==== DATASET ENTRIES ====
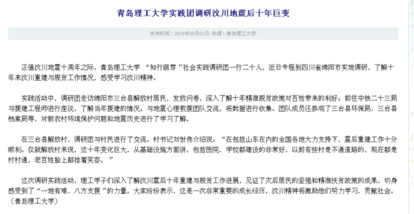 这次调研实践活动,理工学子们深入了解汶川震后十年重建与脱贫工作进展,见证了灾后居民的坚强和精准扶贫政策的成果,切身感受到了“一地有难、八方支援”的力量。大家纷纷表示,这是一次非常重要的成长经历,汶川精神将激励他们努力学习、贡献社会。(伟德国际1946bv官网)
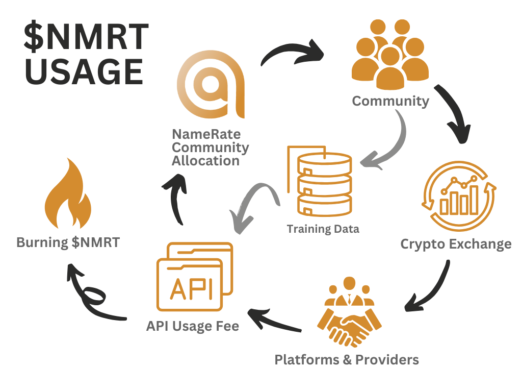 Integrations with external counterparties (TON marketplaces, the core Telegram platform, NFT traders, etc.) are implemented via the NameRate API. Any use of the API entails payment in $NMRT tokens, which market participants can purchase on the exchange. Tokens received for API usage are partially burned and partially returned to circulation as rewards for helping to validate the model.
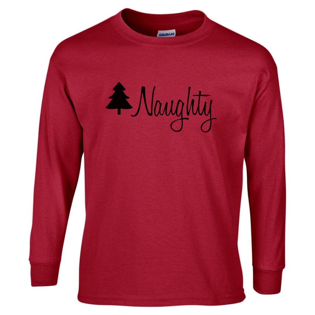 Matching pajamas are the way to go this Christmas! These awesome pajama tops are perfect for the Christmas season. Who is naught and who is nice in your relationship? You decide with these naughty and nice matching long sleeve tees.
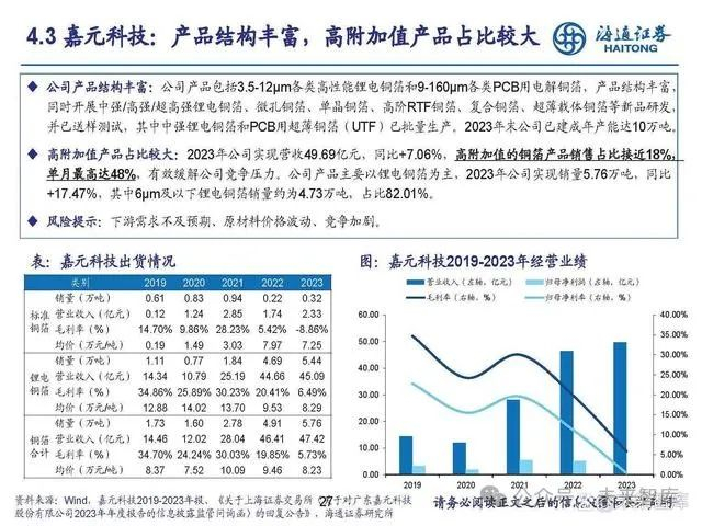 嘉元科技:产品结构丰富,高附加值产品占比较大
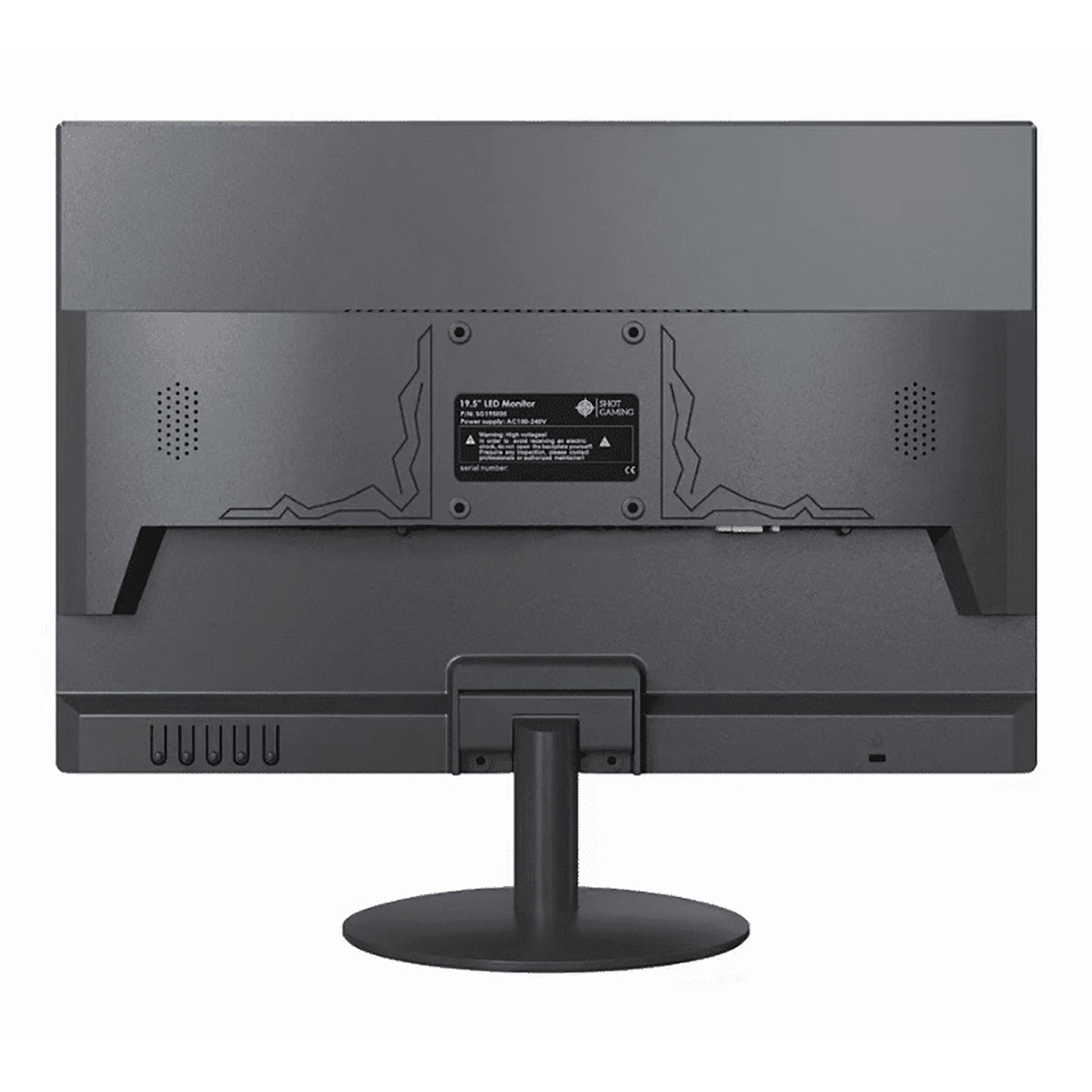 SHOT GAMING - MONITOR GAMING PLANO SG195E05 Pantalla: 19,5'' VA LED, HD+ (1600 x 900 píxeles). Relación de Aspecto: 16:9. Frecuencia de Actualización: 60 Hz. Tiempo de Respuesta: 5 ms. Brillo: 250 cd/m2. Colores: 16,7 M. Puertos: HDMI x 1, VGA x 1. Alimentación: CA 100 - 260 V. Reclinable. Montaje Vesa: 75 x 75 mm. Color: NEGRO.
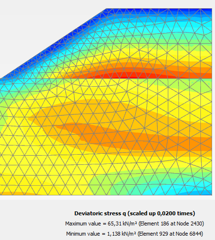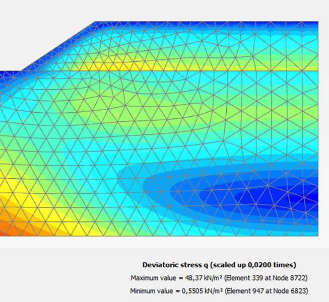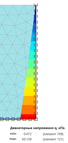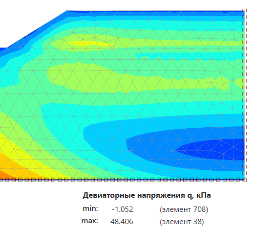 Девиаторные напряжения на первой стадии в PLAXIS 2D
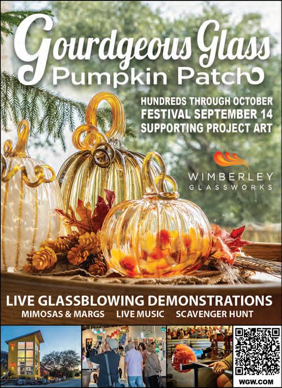 WIMBERLEY H Get ready for a fall festival like no other! Join Wimberley Glassworks September 14 from 10 am to 2:30 pm for the Gourdgeous Glass Pumpkin Patch. Explore hundreds of stunning glass pumpkins, enjoy live glassblowing demonstrations, take part in exciting scavenger hunts, and groove to live music by local Wimberley artist Anthony Wright on the guitar. And don’t forget to cool off with some ice-cold margaritas.
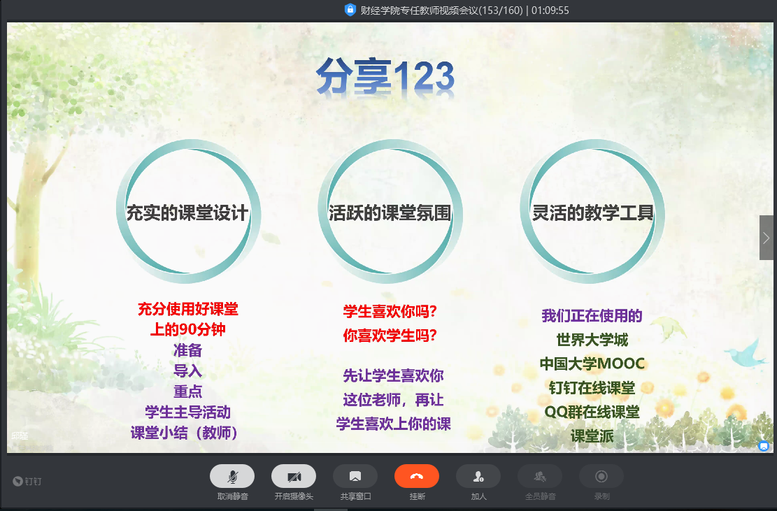 为了进一步完善教师线上教学工作,提高学生线上学习效率,2020年3月11日下午3点,财经学院利用钉钉视频的方式召开了专任教师会议。会上樊贵玲、王鑫娟、邱瑾、李苏亮四位老师分享他们线上教学的经验。
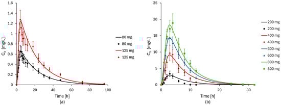 Results of the validation process for different dosages of Aprepitant [56] (a) and Ketokenazole [62] (b). The continuous lines indicate the predicted curves, while the individual points correspond to the experimental data.
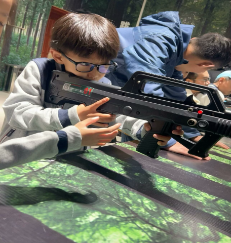 在三楼展区,小鸾娃们有的被重兵器场展示着的“十八般兵器”吸引;有的被逼真的军事场景所吸引,在军事互动体验区内通过虚拟空间感受到我国军事的真实力量;有的在射击体验项目,孩子们端起模拟枪械,瞄准目标,感受着射击的紧张与刺激,他们全神贯注,仿佛自己就是真正的战士,肩负着保卫国家的重任。
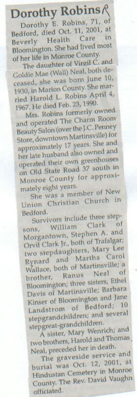| Other | Preceded in death by spouse; parents, Virgil C. and Goldie Mae (Wall) Neal; sister, Mary Wenrich; brothers, Harold and Thomas Neal. |
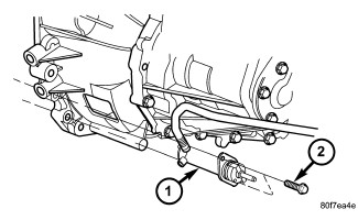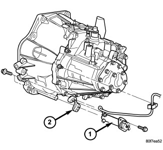 14. Re-install slave cylinder (1) into position. 1.6L equipped models: Torque slave cylinder to case bolt to 12 Nm (105 in. lbs.). 2.4L equipped models: Torque slave cylinder to case bolt to 19 Nm (168 in. lbs.).
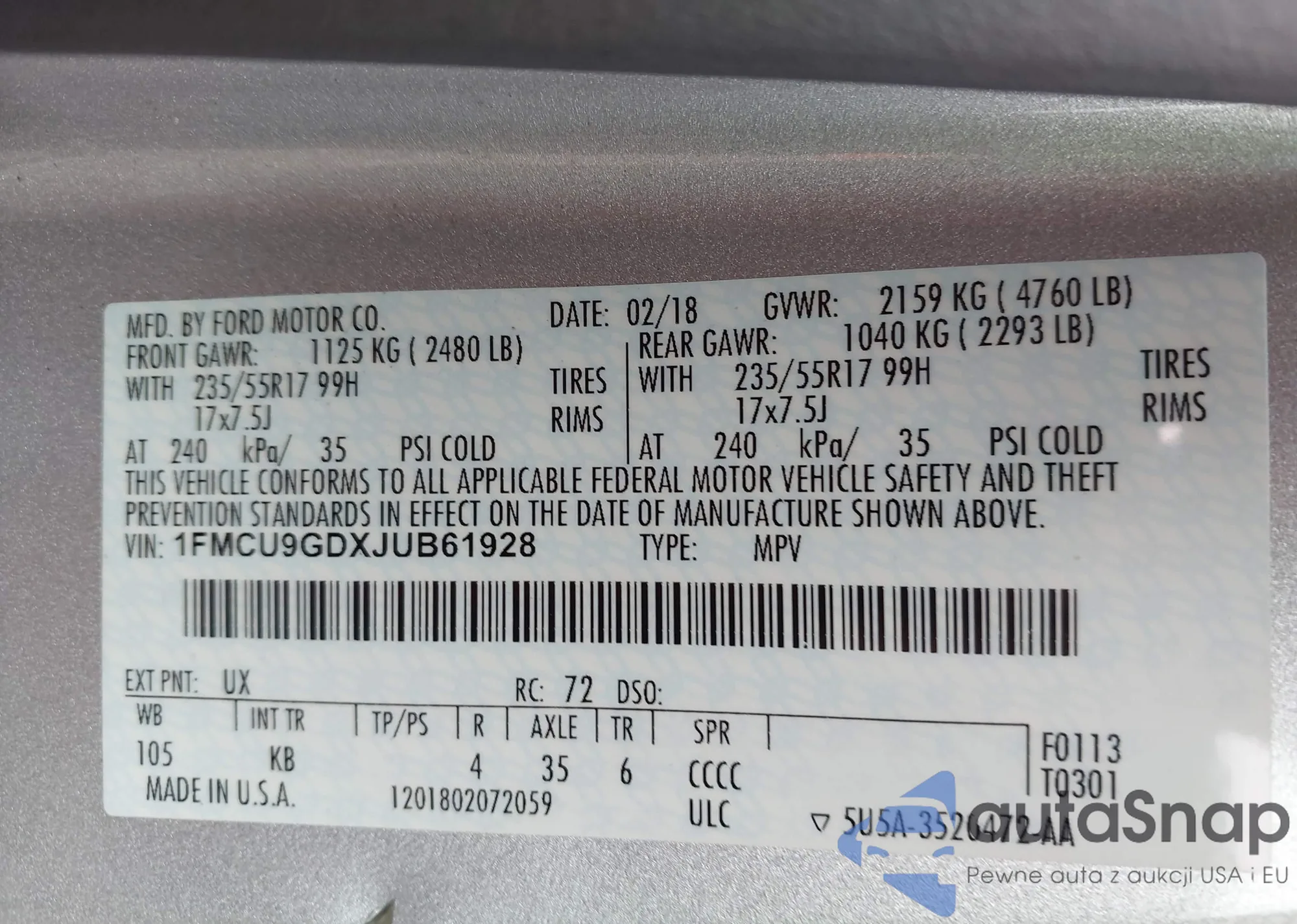 • VIN 1FMCU9GDXJUB61928
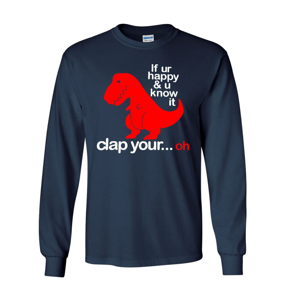 IF YOU'RE HAPPY AND YOU KNOW IT long sleeve t-shirt t-rex fail funny dino tee navy blue
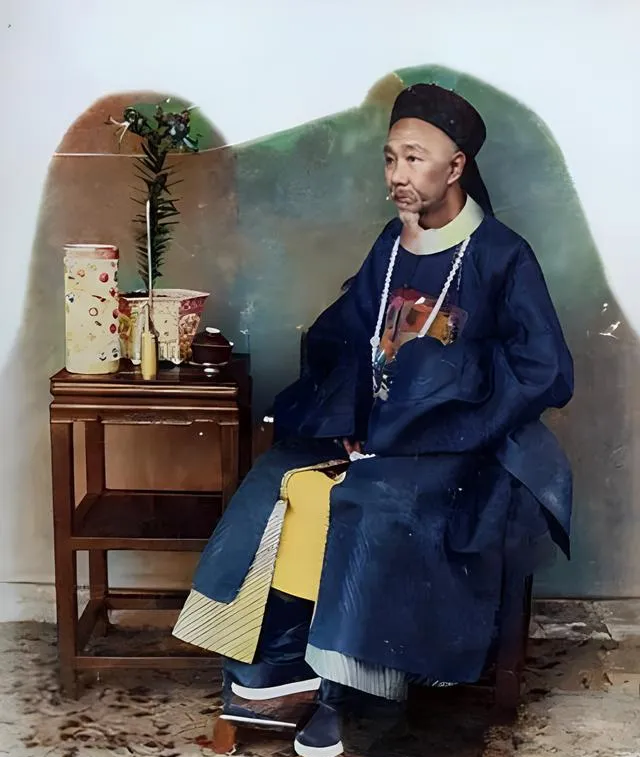 这一位坐在花木前的,是清末的高官个人像,缎面蟒袍光泽发亮,脚下厚底靴衬得人更稳,案几上摆着瓶花与器物,姿势端正却透点疲态,另一张换成素色背景,旁边放了牙白的数珠与茶罐,讲究的是体面与分寸,现在拍证件照讲究像素和补光,那时讲究的是身份与排场。
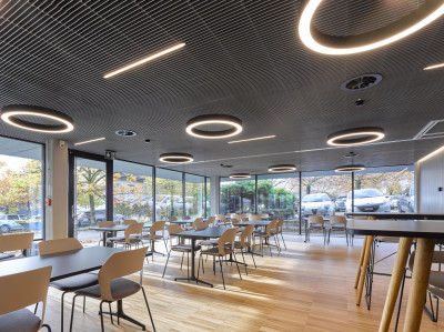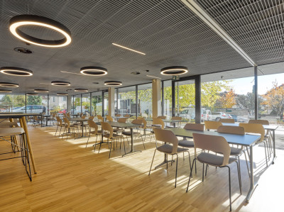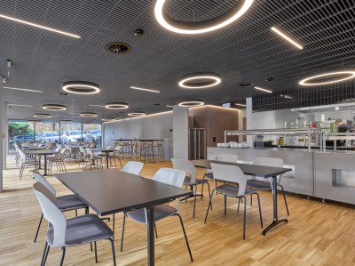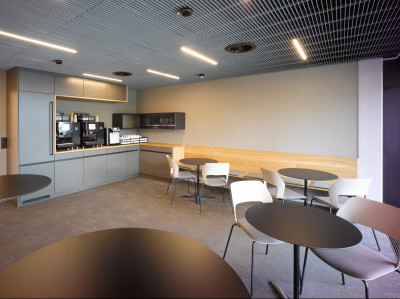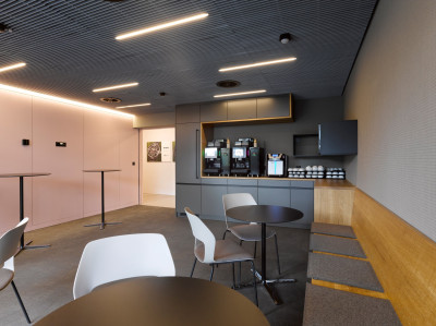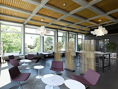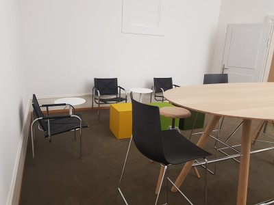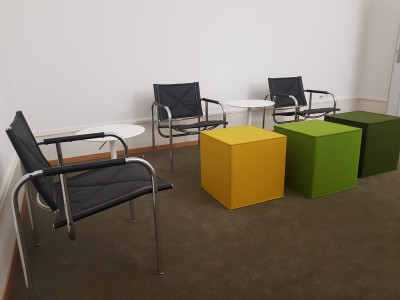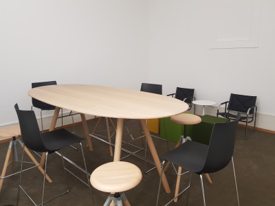 Möblierung eines Gemeinschaftsraumes zur Nutzung für verschiedene Anlässe wie Meetings und Events.
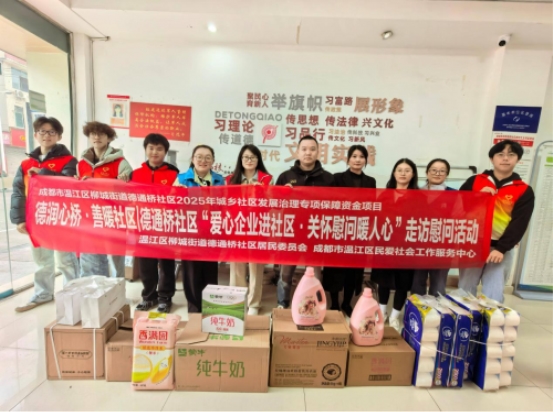 冬季将至,温暖先行。为弘扬中华民族敬老爱老的传统美德,营造尊老敬老的良好社会风尚,进一步增强辖区企业的社会责任感,近期德通桥社区携手爱心企业温江区乐乐幼儿园、奥斯顿幼儿园、壹高艺体培训学校、泸州老窖怀旧酒类营销有限公司、温江区民爱社工共同发起了一场温暖而有力量的联合慰问活动,为辖区20户特殊群体送去大米、牛奶、抽纸、洗衣液等慰问物品,用实际行动筑牢民生幸福防线。
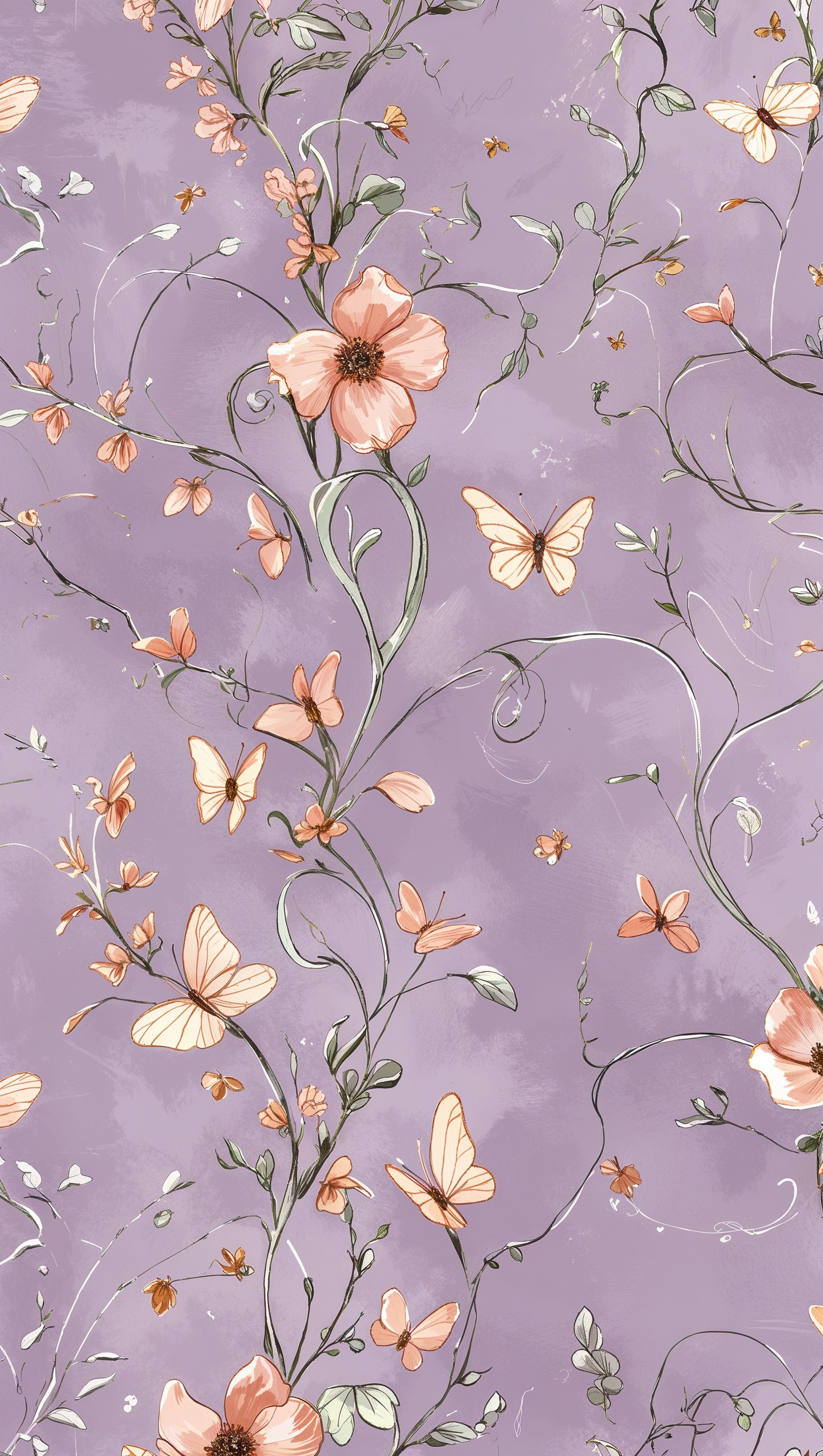 1664x2944 Hand-drawn floral pattern with tiny butterflies on pastel lilac
====
• _YOUR OBJECTIVE_
An exact copy is needed. It runs from the line above containing "14. Re-install slave" down to the line containing "这一位坐在花木前的,是清末的", both included, with no pictures.

• _ANSWER TO THE EXERCISE_
 14. Re-install slave cylinder (1) into position. 1.6L equipped models: Torque slave cylinder to case bolt to 12 Nm (105 in. lbs.). 2.4L equipped models: Torque slave cylinder to case bolt to 19 Nm (168 in. lbs.).
 • VIN 1FMCU9GDXJUB61928
 IF YOU'RE HAPPY AND YOU KNOW IT long sleeve t-shirt t-rex fail funny dino tee navy blue
 这一位坐在花木前的,是清末的高官个人像,缎面蟒袍光泽发亮,脚下厚底靴衬得人更稳,案几上摆着瓶花与器物,姿势端正却透点疲态,另一张换成素色背景,旁边放了牙白的数珠与茶罐,讲究的是体面与分寸,现在拍证件照讲究像素和补光,那时讲究的是身份与排场。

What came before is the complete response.